The fire crew was able to save all existing facilities on the island including historical structures and visitor and residential facilities. The fire did not impact the nesting and loafing pelican and other seabird colonies and never reached the extreme southern and northern ends of the island where the colonial birds nests remained intact. Gopher tortoises were unaffected, hiding in the safety of their underground burrows until it was safe to emerge.

“One of the biggest problems since the fire has been Pokemon,” said Richard Sanchez, of the Egmont Key Alliance, the non-profit spearheading efforts to protect and save the island. “Somebody put a Pokemon out there in the middle of a nesting colony of skimmers. You have people driving boats up there and walking through the nesting area scaring the birds off their eggs, which is against the law.”

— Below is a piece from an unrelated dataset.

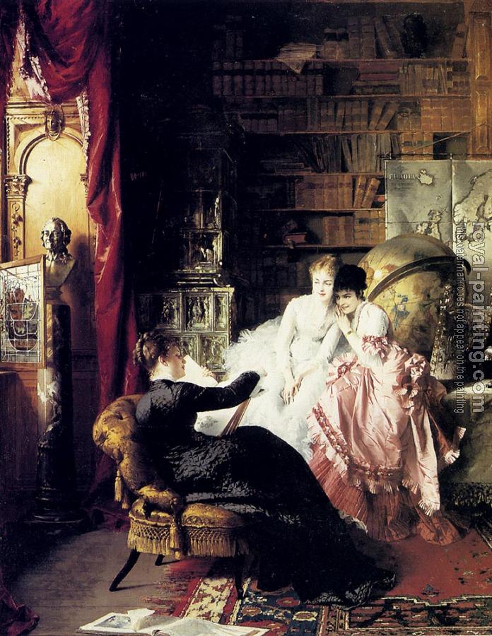 * Hand-painted Conrad Kiesel Oil Painting Reproduction : The Lesson
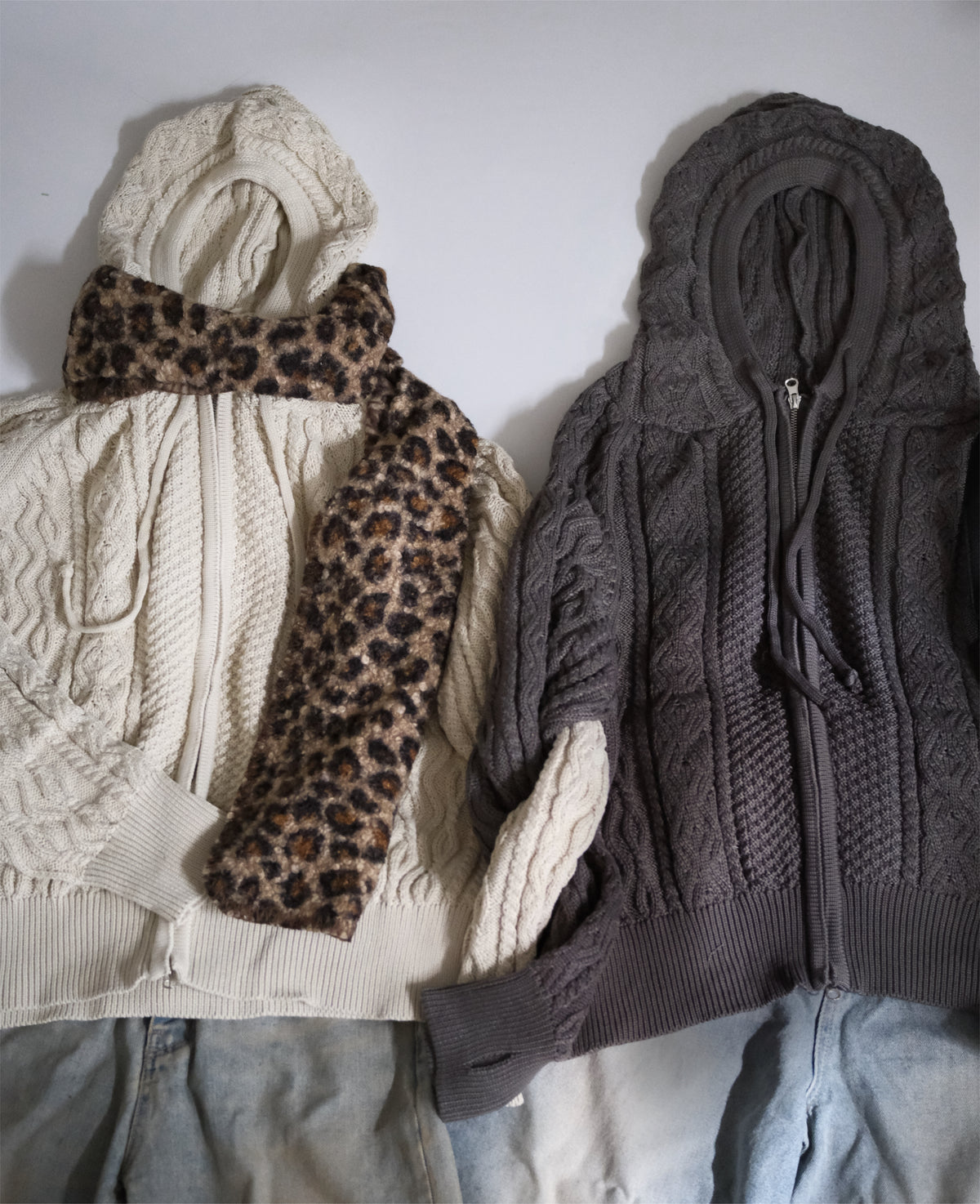 KR 毛毛䄂一字肩+小圍巾套裝

He also said government officials were trying to reach the Pokemon headquarters to have the image removed.

Stan Garner, visitor services manager of Egmont Key National Wildlife Refuge, praised the firefighters and their supporting agencies.

“This effort is a prime example of the importance of multi-agency collaboration and efficient communication,” Garner said. “The island’s structures and wildlife were saved thanks to the immediate response by the fire crews from St. Marks and Lower Suwannee National Wildlife Refuges, Florida DEP, and Florida Forest Service.”